Problem details:
The stretch from the line with "Localizado no Bairro" through the line with "本手册和《AI写作魔法师:精" in the records below: write it out exactly, and nothing else.

Data provided:
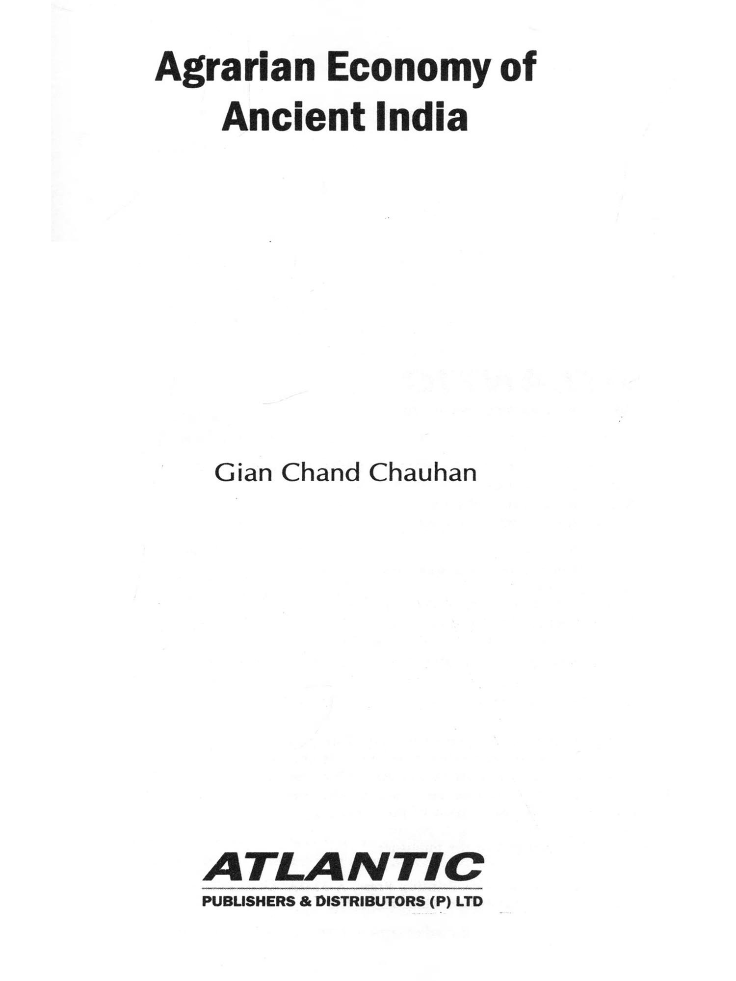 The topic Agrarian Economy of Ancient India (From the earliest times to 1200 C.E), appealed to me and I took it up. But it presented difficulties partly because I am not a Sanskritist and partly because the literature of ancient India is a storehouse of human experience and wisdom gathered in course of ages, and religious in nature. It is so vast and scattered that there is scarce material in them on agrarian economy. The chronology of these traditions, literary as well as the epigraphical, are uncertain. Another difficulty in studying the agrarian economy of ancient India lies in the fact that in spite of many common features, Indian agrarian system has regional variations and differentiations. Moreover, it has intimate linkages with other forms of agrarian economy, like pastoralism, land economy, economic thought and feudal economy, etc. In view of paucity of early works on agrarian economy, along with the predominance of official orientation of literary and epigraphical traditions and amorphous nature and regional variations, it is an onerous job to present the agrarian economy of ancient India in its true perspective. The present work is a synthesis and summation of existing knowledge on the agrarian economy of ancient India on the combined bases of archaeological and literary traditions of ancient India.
==
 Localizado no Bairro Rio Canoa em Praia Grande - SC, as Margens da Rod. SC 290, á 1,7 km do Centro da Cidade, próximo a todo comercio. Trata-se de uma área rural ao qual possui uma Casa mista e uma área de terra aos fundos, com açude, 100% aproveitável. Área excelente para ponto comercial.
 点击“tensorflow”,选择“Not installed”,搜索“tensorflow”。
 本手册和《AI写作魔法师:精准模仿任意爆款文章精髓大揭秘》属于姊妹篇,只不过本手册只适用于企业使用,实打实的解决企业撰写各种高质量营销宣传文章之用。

Output below:
 Localizado no Bairro Rio Canoa em Praia Grande - SC, as Margens da Rod. SC 290, á 1,7 km do Centro da Cidade, próximo a todo comercio. Trata-se de uma área rural ao qual possui uma Casa mista e uma área de terra aos fundos, com açude, 100% aproveitável. Área excelente para ponto comercial.
 点击“tensorflow”,选择“Not installed”,搜索“tensorflow”。
 本手册和《AI写作魔法师:精准模仿任意爆款文章精髓大揭秘》属于姊妹篇,只不过本手册只适用于企业使用,实打实的解决企业撰写各种高质量营销宣传文章之用。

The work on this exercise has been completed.